If Orlando does not know what it wants to be, it knows at least how it wants to behave: cheerfully, at all cost. Boosterism is almost a civic duty, with a Disneyesque tinge. The city's pitch for a National League baseball team included a promise to build not just a concrete mega-ballpark but an old-time, intimate "field." Orlando hopes to embrace mass transit, but an old- fashioned trolley line is getting priority over a modern elevated rail system. Orlando basketball games are not games but "theatrical productions," in the words of Magic manager Pat Williams. He spent more than a year searching for the fabric and color of the team's uniform. "Disney sets the tone for everything in Orlando," he says.

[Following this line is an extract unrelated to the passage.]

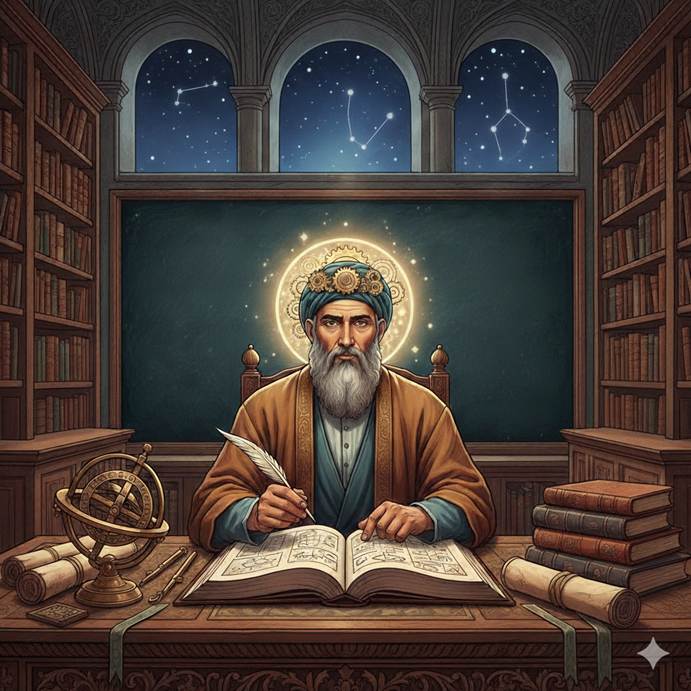 Mantık ilmiyle ilgilenen bir düşünür tasviri. (Görsel yapay zekâ ile oluşturulmuştur.)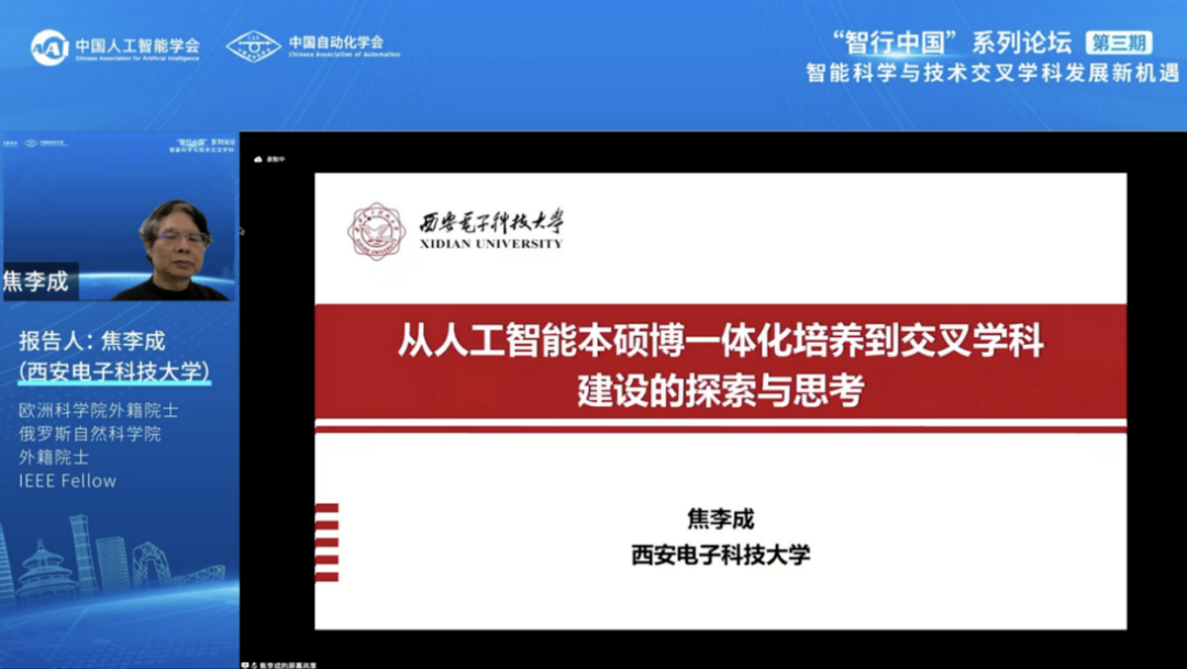 欧洲科学院外籍院士、俄罗斯自然科学院外籍院士、西安电子科技大学焦李成发表题为“从人工智能本硕博一体化培养到交叉学科建设的探索与思考”的主旨报告,他指出新一轮科技革命和产业变革蓬勃兴起,一些基本科学问题孕育重大突破,可望催生新的重大科学思想和科学理论,产生颠覆性技术。人工智能技术作为当今社会的主要生产力,为社会不断赋能,在诸多行业和领域取得了非常显著的成效。我国高度重视人工智能的发展,制定了诸多战略方针,发展人工智能,引领人工智能。焦李成教授回顾了人工智能及其核心技术的内涵与发展,以及其发展过程中变革和存在的挑战,紧接着从人工智能专业建设到交叉学科的特性展开讨论,最后给出了未来的一些思考。

Before Disney World, Orlando's attractions were the Tupperware Museum and Gatorland, where visitors could watch alligators lunging for chicken carcasses. Gatorland is still there, but now there are Sea World and Reptile World, Wet 'n Wild and the Mystery Fun House, Xanadu and Cypress Gardens. In Orlando, restaurants, hotels, shops and golf courses all want to be theme parks, or at least themes. A store selling Christmas trinkets is called Christmas World. There are Bargain World, Flea World, Bedroom Land and Waterbedroom Land. At the Medieval Times restaurant, patrons can eat roas meat with their hands and watch knights in armor joust on horseback. At the Arabian Nights, sheiks steal gossamer-clad princesses during dinner shows. Orange County's most famous golf course, the Grand Cypress resort, has reconstructed the layout of the hallowed Old Course at St. Andrews in Scotland. The Florida Peabody Hotel copies a ritual of the original Peabody in Memphis: every day at the appointed hour, mallard ducks waddle off the elevator to wade in the lobby's marble fountain.

Orlando's residential subdivisions have the same dreamed-in feel: strung along narrow county roads, many are pastel agglomerations of arbitrary architecture, all behind secure walls. "When you drive around Orlando," says John Rothchild, author of Up for Grabs, a cultural anthropology of Florida, "it's not clear where Disney World begins and ends."